**TASK TO CARRY OUT**. Beneath this instruction is a block of data; output from it exactly the lines that run from the one containing "在安全教育展廳,精致的展牌圖" through the one containing "Lo dice FADA", inclusive.

**RECORDS PROVIDED**.

● ● ● ● ●

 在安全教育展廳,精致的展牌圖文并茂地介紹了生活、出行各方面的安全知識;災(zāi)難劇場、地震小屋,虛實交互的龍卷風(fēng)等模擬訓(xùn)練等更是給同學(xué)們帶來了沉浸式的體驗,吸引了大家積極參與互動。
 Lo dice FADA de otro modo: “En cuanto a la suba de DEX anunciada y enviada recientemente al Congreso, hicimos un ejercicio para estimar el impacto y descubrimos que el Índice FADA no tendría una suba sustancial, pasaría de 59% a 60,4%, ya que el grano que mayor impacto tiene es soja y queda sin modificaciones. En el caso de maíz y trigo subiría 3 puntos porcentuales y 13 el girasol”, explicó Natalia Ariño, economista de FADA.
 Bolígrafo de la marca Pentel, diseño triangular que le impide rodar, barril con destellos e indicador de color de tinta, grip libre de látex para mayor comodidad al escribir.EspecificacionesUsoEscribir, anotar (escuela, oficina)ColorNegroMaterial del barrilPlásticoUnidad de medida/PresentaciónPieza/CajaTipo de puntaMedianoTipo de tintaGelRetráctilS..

● ● ● ● ●

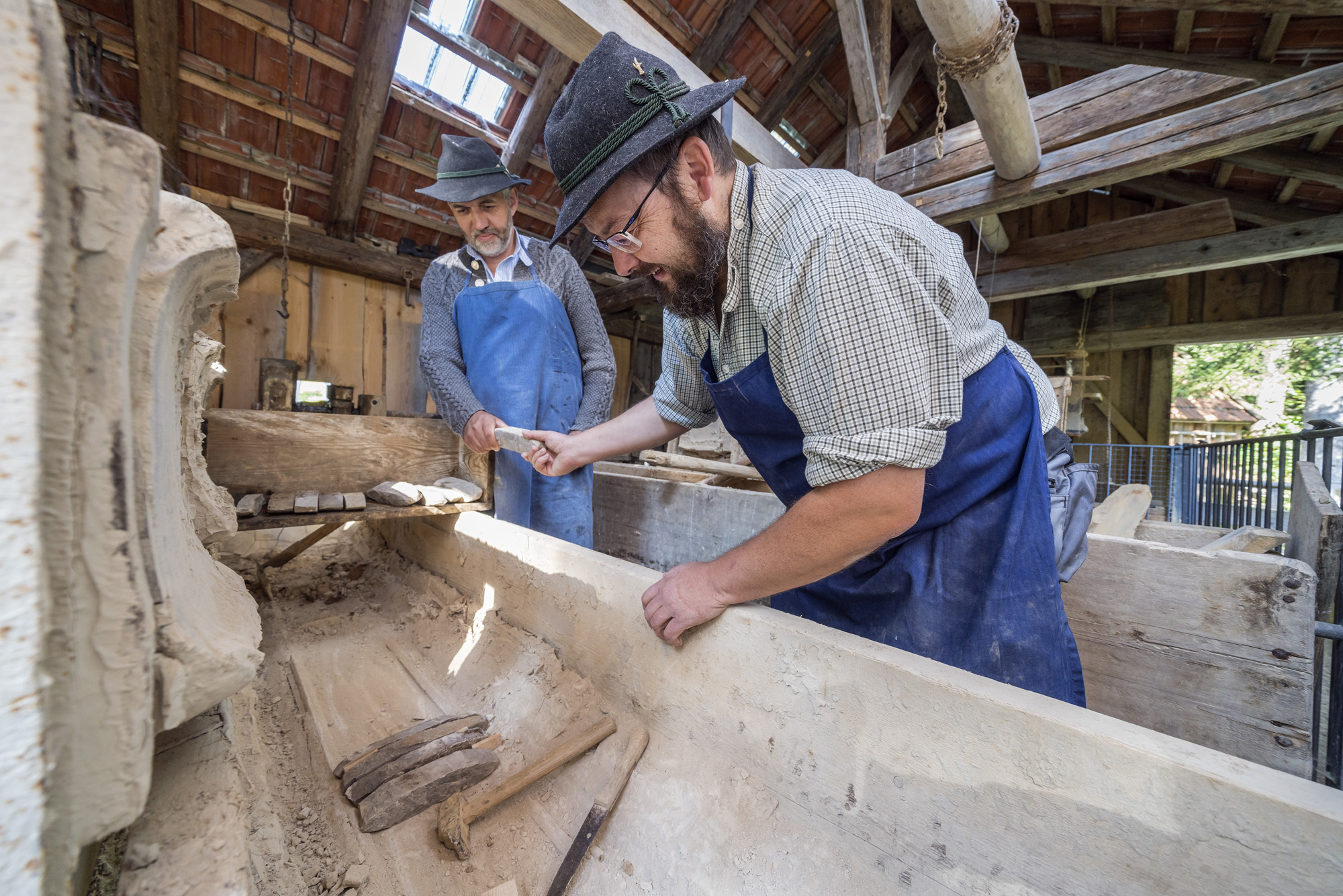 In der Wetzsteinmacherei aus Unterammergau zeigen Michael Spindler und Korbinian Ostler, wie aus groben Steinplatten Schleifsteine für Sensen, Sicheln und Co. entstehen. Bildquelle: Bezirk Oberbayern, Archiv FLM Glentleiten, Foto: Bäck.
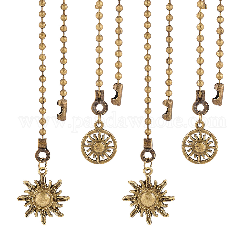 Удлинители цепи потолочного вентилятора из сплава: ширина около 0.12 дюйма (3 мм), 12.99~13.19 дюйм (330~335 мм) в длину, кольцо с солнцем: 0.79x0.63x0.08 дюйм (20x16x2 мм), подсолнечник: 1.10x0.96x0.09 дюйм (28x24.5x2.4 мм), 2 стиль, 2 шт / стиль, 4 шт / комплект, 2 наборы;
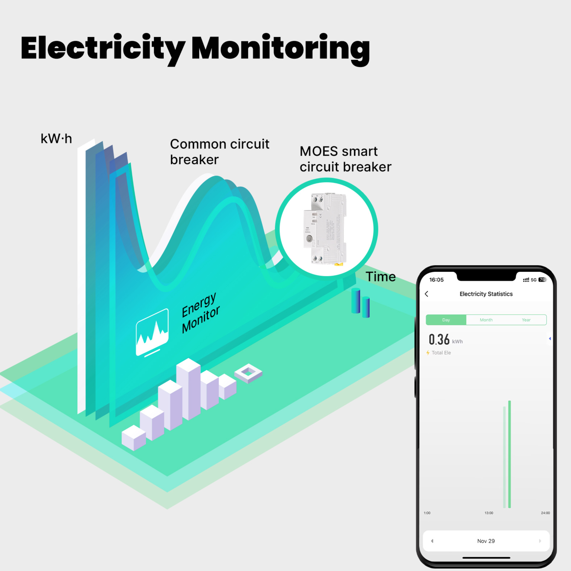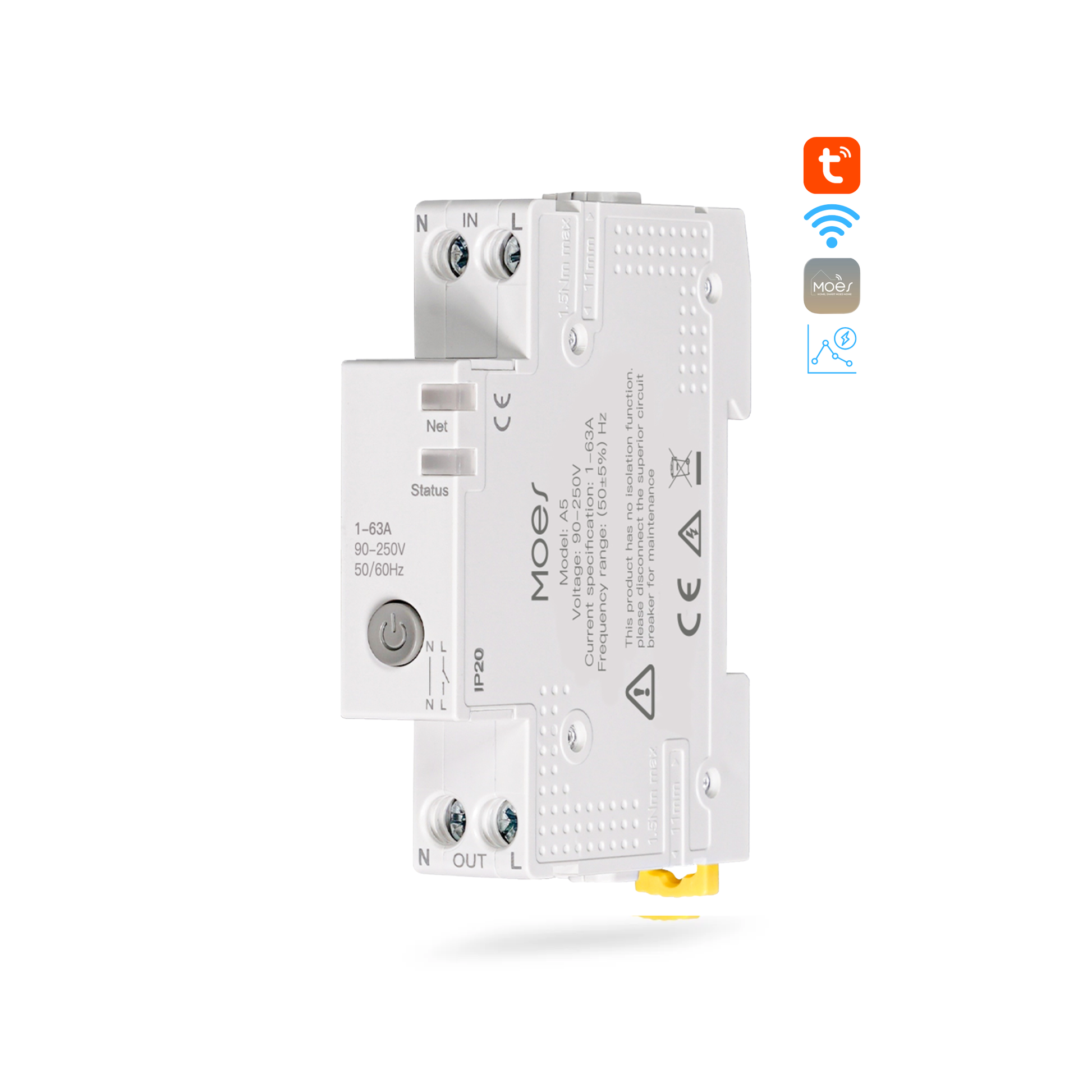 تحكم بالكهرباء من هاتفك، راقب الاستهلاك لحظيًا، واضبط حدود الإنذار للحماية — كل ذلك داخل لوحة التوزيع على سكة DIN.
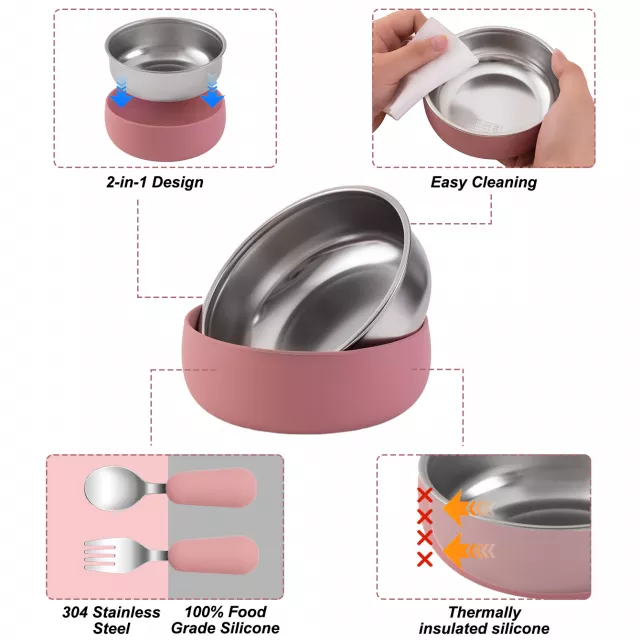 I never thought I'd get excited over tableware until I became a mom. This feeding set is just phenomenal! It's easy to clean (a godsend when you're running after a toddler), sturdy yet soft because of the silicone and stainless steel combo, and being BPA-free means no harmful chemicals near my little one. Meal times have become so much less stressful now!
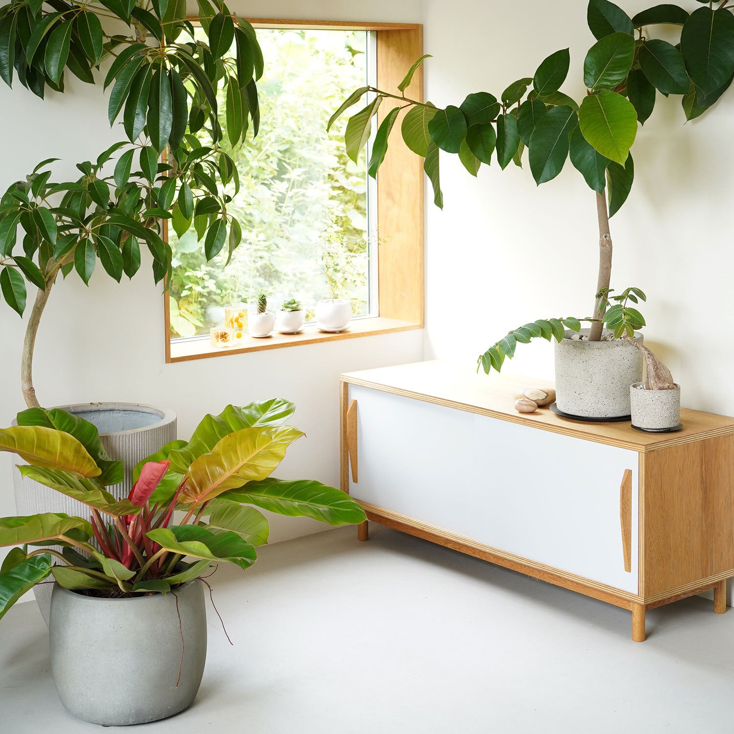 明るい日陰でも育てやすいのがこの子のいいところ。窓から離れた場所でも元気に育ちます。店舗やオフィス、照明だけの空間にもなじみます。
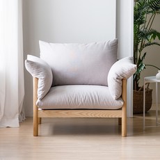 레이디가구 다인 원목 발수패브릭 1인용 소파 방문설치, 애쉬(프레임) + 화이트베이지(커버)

● ● ● ● ●

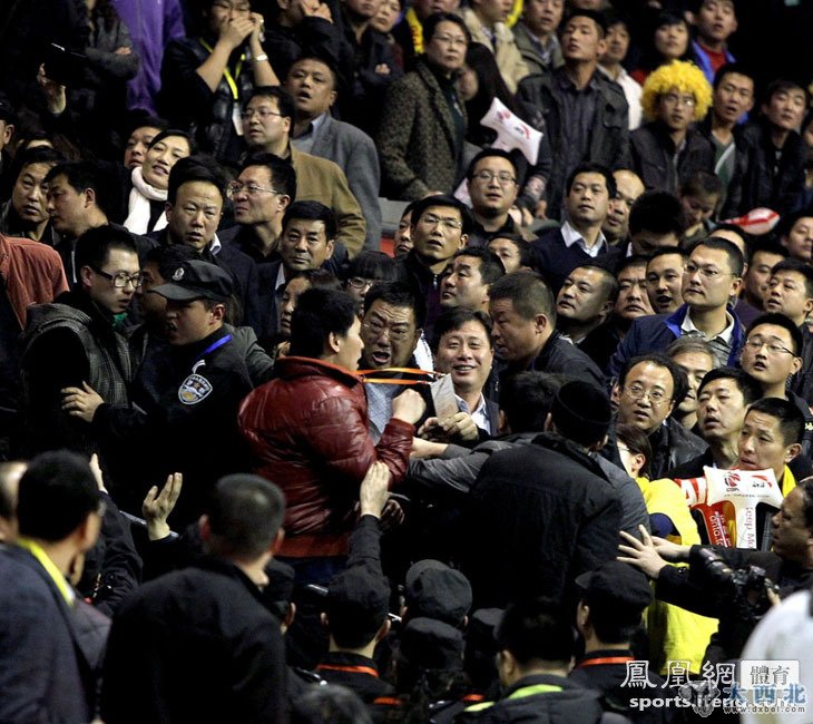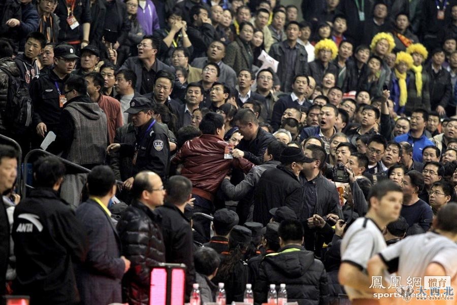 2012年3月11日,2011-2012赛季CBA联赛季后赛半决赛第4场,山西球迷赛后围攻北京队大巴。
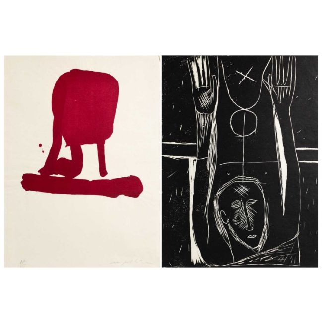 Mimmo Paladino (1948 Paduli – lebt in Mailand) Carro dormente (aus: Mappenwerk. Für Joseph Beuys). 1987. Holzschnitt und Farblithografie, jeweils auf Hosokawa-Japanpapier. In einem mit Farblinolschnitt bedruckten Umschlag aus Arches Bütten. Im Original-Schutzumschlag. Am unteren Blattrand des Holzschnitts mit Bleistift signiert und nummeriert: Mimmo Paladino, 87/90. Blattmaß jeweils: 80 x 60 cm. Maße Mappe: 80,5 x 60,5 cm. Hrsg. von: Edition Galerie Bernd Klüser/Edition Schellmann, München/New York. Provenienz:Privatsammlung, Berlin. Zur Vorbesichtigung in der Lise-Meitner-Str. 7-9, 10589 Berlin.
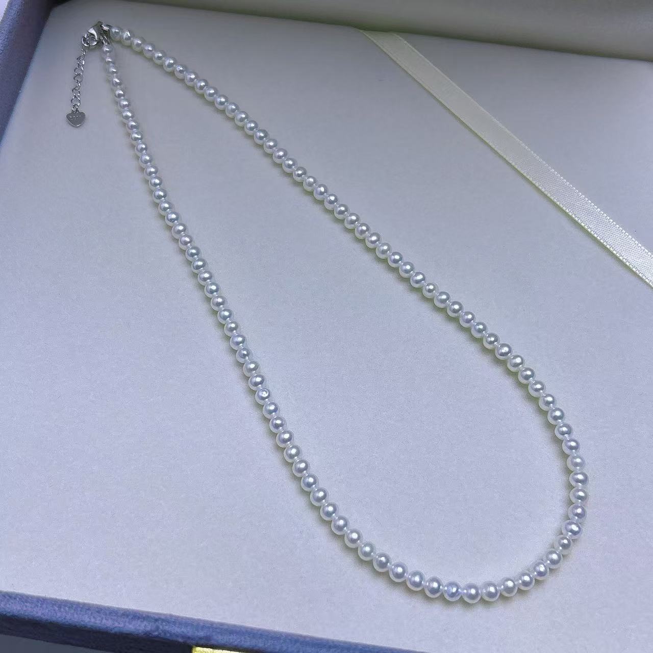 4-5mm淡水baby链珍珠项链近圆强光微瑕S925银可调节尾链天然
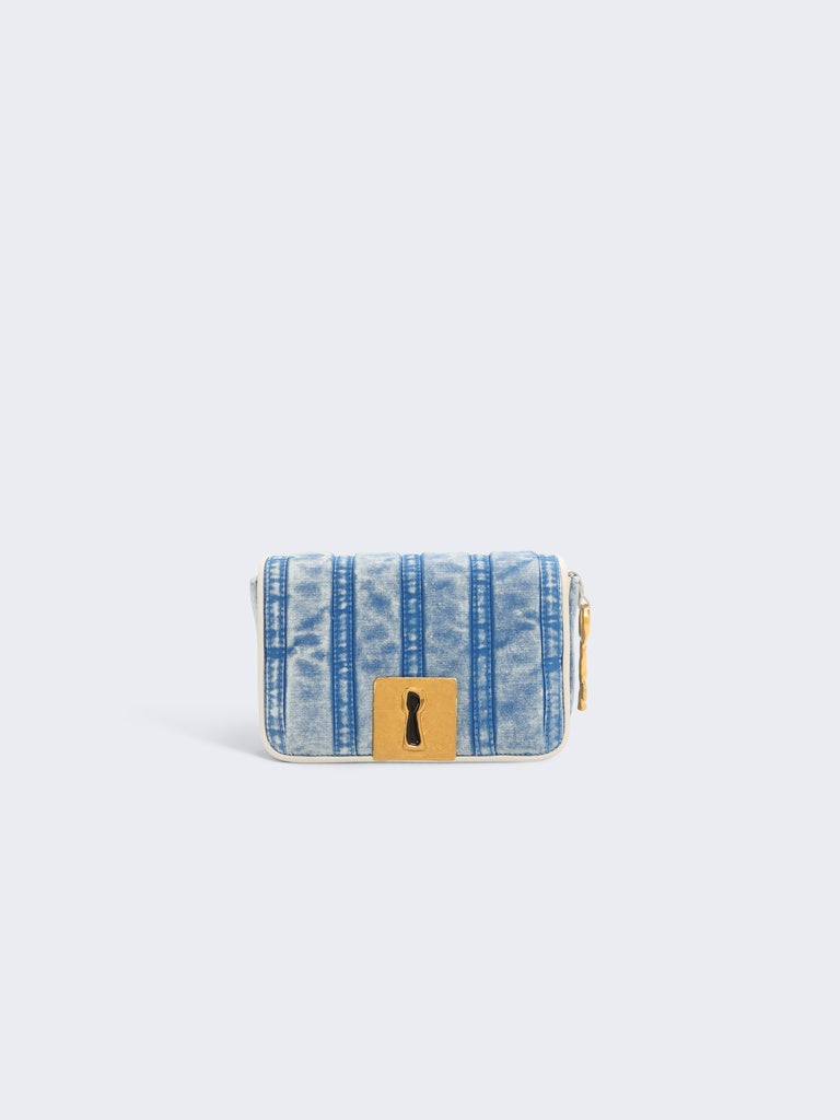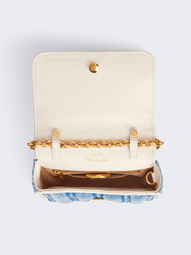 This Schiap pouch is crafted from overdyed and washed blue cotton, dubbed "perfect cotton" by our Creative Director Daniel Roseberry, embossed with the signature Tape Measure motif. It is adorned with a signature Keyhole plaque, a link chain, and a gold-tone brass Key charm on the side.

● ● ● ● ●

**ANSWER TO THIS PROBLEM**.
 在安全教育展廳,精致的展牌圖文并茂地介紹了生活、出行各方面的安全知識;災(zāi)難劇場、地震小屋,虛實交互的龍卷風(fēng)等模擬訓(xùn)練等更是給同學(xué)們帶來了沉浸式的體驗,吸引了大家積極參與互動。
 Lo dice FADA de otro modo: “En cuanto a la suba de DEX anunciada y enviada recientemente al Congreso, hicimos un ejercicio para estimar el impacto y descubrimos que el Índice FADA no tendría una suba sustancial, pasaría de 59% a 60,4%, ya que el grano que mayor impacto tiene es soja y queda sin modificaciones. En el caso de maíz y trigo subiría 3 puntos porcentuales y 13 el girasol”, explicó Natalia Ariño, economista de FADA.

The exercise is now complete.